Items from a data source:
* * * * * * *

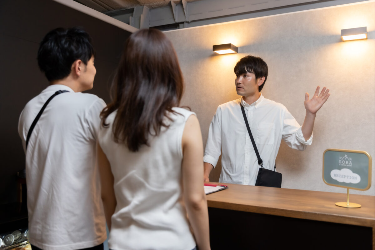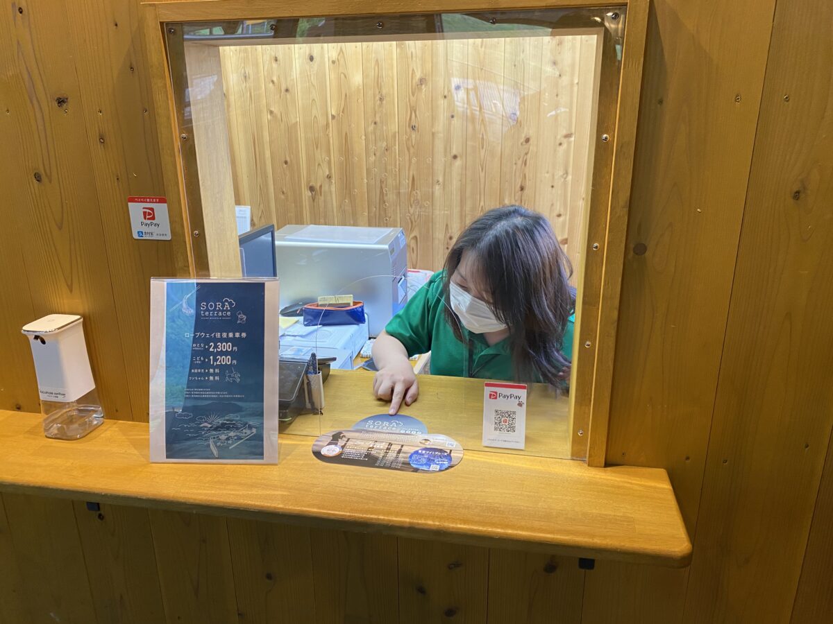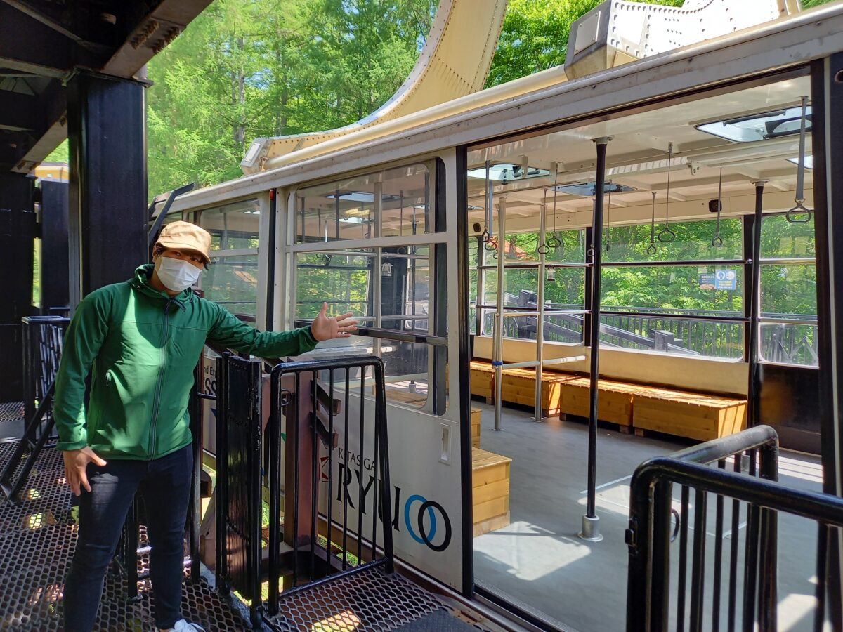 ロープウェイ乗降車の案内やチケットもぎりなど。
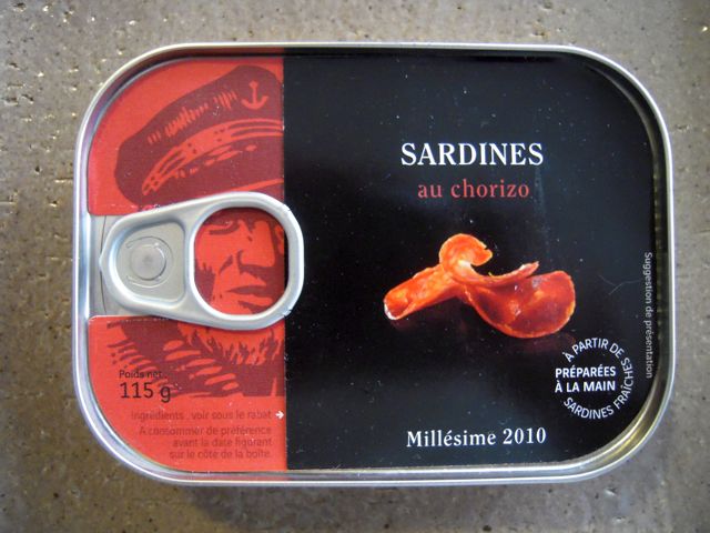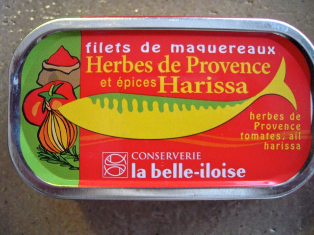 Sardines Pirates サルディンピラット からの缶詰めのうちの2つ、la belle-iloise ラ・ベル・イロワーズのサバの缶詰め、エルブドプロヴァンスとアリッサ風味。そしてCapitaine Cook キャプテンクックのチョリソー入りサーディン。
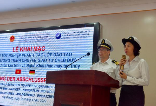 Đại diện phía Viện tiểu thủ công nghiệp và kỹ năng nghề Leipzig, chuyên gia Wolfgang Friedrich gửi lời cảm ơn nhà trường đã nhiệt tình phối hợp, nỗ lực vượt khó để thực hiện tốt các hướng dẫn, yêu cầu của chuyên gia về công tác tổ chức đào tạo 2 nghề Điều khiển tàu biển và Khai thác máy tàu thuỷ theo tiêu chuẩn Đức; đánh giá nhà trường đã hoàn thành tốt công tác chuẩn bị cho kỳ thi tốt nghiệp phần 1. Chuyên gia Wolfgang Friedrich thay mặt Viện tiểu thủ công nghiệp và kỹ năng nghề Leipzig trao đề thi cho các Chủ tịch Hội đồng thi 02 nghề Đức. Ông cũng chúc các sinh viên bình tĩnh, tự tin, đạt kết quả cao trong kỳ thi này.
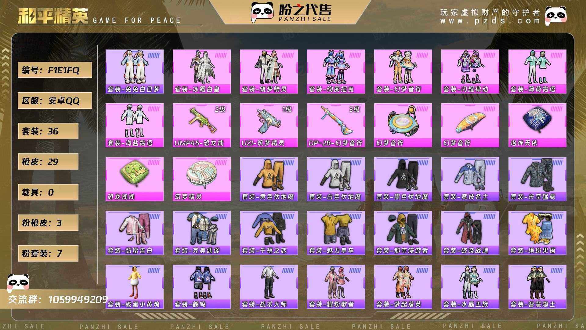 [14485235]安卓 手q-7粉装-3特效呛-0载具-1粉色飞行器-12595热力值-0王牌印记-36套装-29呛皮 【粉色套装】:粉装-冰霜白皇,粉装-海盐物语,粉装-薄荷物语,粉装-幻梦音符,粉装-绚丽摇曳,粉装-闪耀律动,粉装-筑梦精灵 【粉色呛皮等级】:uzi-筑梦精灵一级,ump45-恐龙拽拽二级,dp-28-幻梦音符三级 【粉色呛皮】:uzi-筑梦精灵,ump45-恐龙拽拽,dp-28-幻梦音符 【粉色飞行器】:幻梦音符飞行器 【粉色降落伞】:洛神天依降落伞,恐龙拽拽降落伞,幻梦音符降落伞,筑梦精灵降落伞 【稀有呛皮】:akm-筑梦精灵,groza-恐龙拽拽,groza-紫翼圣骑,aug-幻梦音符,q-彩虹符号,q-洛神天依,q-飞驰魅影,m762-天降萌叽,m762-橘柚倾心,m762-瑞龙福将,g36c-绮梦青鸾,p90-筑梦精灵,p90-飞驰魅影,kar98k-飞驰魅影,sks-幻梦音符,mini14-筑梦精灵,mk14-童趣迷兔,s1897-绮梦青鸾,s1897-飞驰魅影,dp-28-甜心亚梦,dp-28-紫翼圣骑 【其他套装】:套装-ss19特训,套装-千禧之恋,套装-完美偶像,套装-炫蓝之夏,套装-甜蜜告白,套装-白色伏地魔,套装-破晓战魂,套装-破蛋小黄鸡,套装-竞技名士,套装-缤纷果语,套装-耀粉歌者,套装-都市漫游者,套装-长空猛禽,套装-魅力单车,套装-鹤鸣,套装-黄色伏地魔,套装-黑色伏地魔,套装-梦起落英,套装-团圆交子,套装-极速竞梦,套装-飞驰魅影,套装-音速流光,套装-雪兔飞飞,套装-兔兔白日梦,套装-水晶王族,套装-智慧隐士,套装-虚音幻奏,套装-恶魔喵喵 【营地id】:918695039
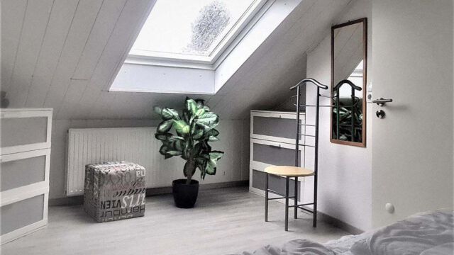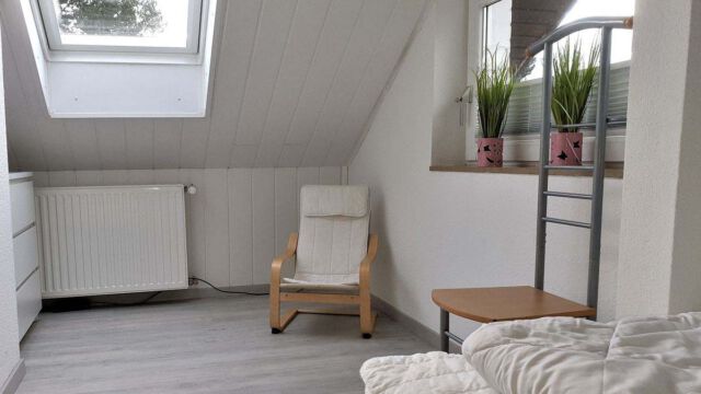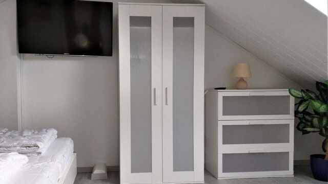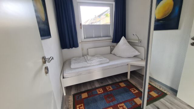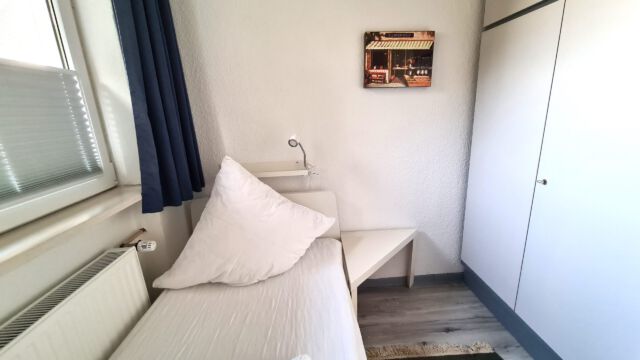 Im Erdgeschoss befindet sich ein Gästezimmer mit Einzelbett ( 90x200) und Kleiderschrank.

* * * * * * *

A faithful reproduction of every entry, with no pictures, is the expected answer.

 ロープウェイ乗降車の案内やチケットもぎりなど。
 Sardines Pirates サルディンピラット からの缶詰めのうちの2つ、la belle-iloise ラ・ベル・イロワーズのサバの缶詰め、エルブドプロヴァンスとアリッサ風味。そしてCapitaine Cook キャプテンクックのチョリソー入りサーディン。
 Đại diện phía Viện tiểu thủ công nghiệp và kỹ năng nghề Leipzig, chuyên gia Wolfgang Friedrich gửi lời cảm ơn nhà trường đã nhiệt tình phối hợp, nỗ lực vượt khó để thực hiện tốt các hướng dẫn, yêu cầu của chuyên gia về công tác tổ chức đào tạo 2 nghề Điều khiển tàu biển và Khai thác máy tàu thuỷ theo tiêu chuẩn Đức; đánh giá nhà trường đã hoàn thành tốt công tác chuẩn bị cho kỳ thi tốt nghiệp phần 1. Chuyên gia Wolfgang Friedrich thay mặt Viện tiểu thủ công nghiệp và kỹ năng nghề Leipzig trao đề thi cho các Chủ tịch Hội đồng thi 02 nghề Đức. Ông cũng chúc các sinh viên bình tĩnh, tự tin, đạt kết quả cao trong kỳ thi này.
 [14485235]安卓 手q-7粉装-3特效呛-0载具-1粉色飞行器-12595热力值-0王牌印记-36套装-29呛皮 【粉色套装】:粉装-冰霜白皇,粉装-海盐物语,粉装-薄荷物语,粉装-幻梦音符,粉装-绚丽摇曳,粉装-闪耀律动,粉装-筑梦精灵 【粉色呛皮等级】:uzi-筑梦精灵一级,ump45-恐龙拽拽二级,dp-28-幻梦音符三级 【粉色呛皮】:uzi-筑梦精灵,ump45-恐龙拽拽,dp-28-幻梦音符 【粉色飞行器】:幻梦音符飞行器 【粉色降落伞】:洛神天依降落伞,恐龙拽拽降落伞,幻梦音符降落伞,筑梦精灵降落伞 【稀有呛皮】:akm-筑梦精灵,groza-恐龙拽拽,groza-紫翼圣骑,aug-幻梦音符,q-彩虹符号,q-洛神天依,q-飞驰魅影,m762-天降萌叽,m762-橘柚倾心,m762-瑞龙福将,g36c-绮梦青鸾,p90-筑梦精灵,p90-飞驰魅影,kar98k-飞驰魅影,sks-幻梦音符,mini14-筑梦精灵,mk14-童趣迷兔,s1897-绮梦青鸾,s1897-飞驰魅影,dp-28-甜心亚梦,dp-28-紫翼圣骑 【其他套装】:套装-ss19特训,套装-千禧之恋,套装-完美偶像,套装-炫蓝之夏,套装-甜蜜告白,套装-白色伏地魔,套装-破晓战魂,套装-破蛋小黄鸡,套装-竞技名士,套装-缤纷果语,套装-耀粉歌者,套装-都市漫游者,套装-长空猛禽,套装-魅力单车,套装-鹤鸣,套装-黄色伏地魔,套装-黑色伏地魔,套装-梦起落英,套装-团圆交子,套装-极速竞梦,套装-飞驰魅影,套装-音速流光,套装-雪兔飞飞,套装-兔兔白日梦,套装-水晶王族,套装-智慧隐士,套装-虚音幻奏,套装-恶魔喵喵 【营地id】:918695039
 Im Erdgeschoss befindet sich ein Gästezimmer mit Einzelbett ( 90x200) und Kleiderschrank.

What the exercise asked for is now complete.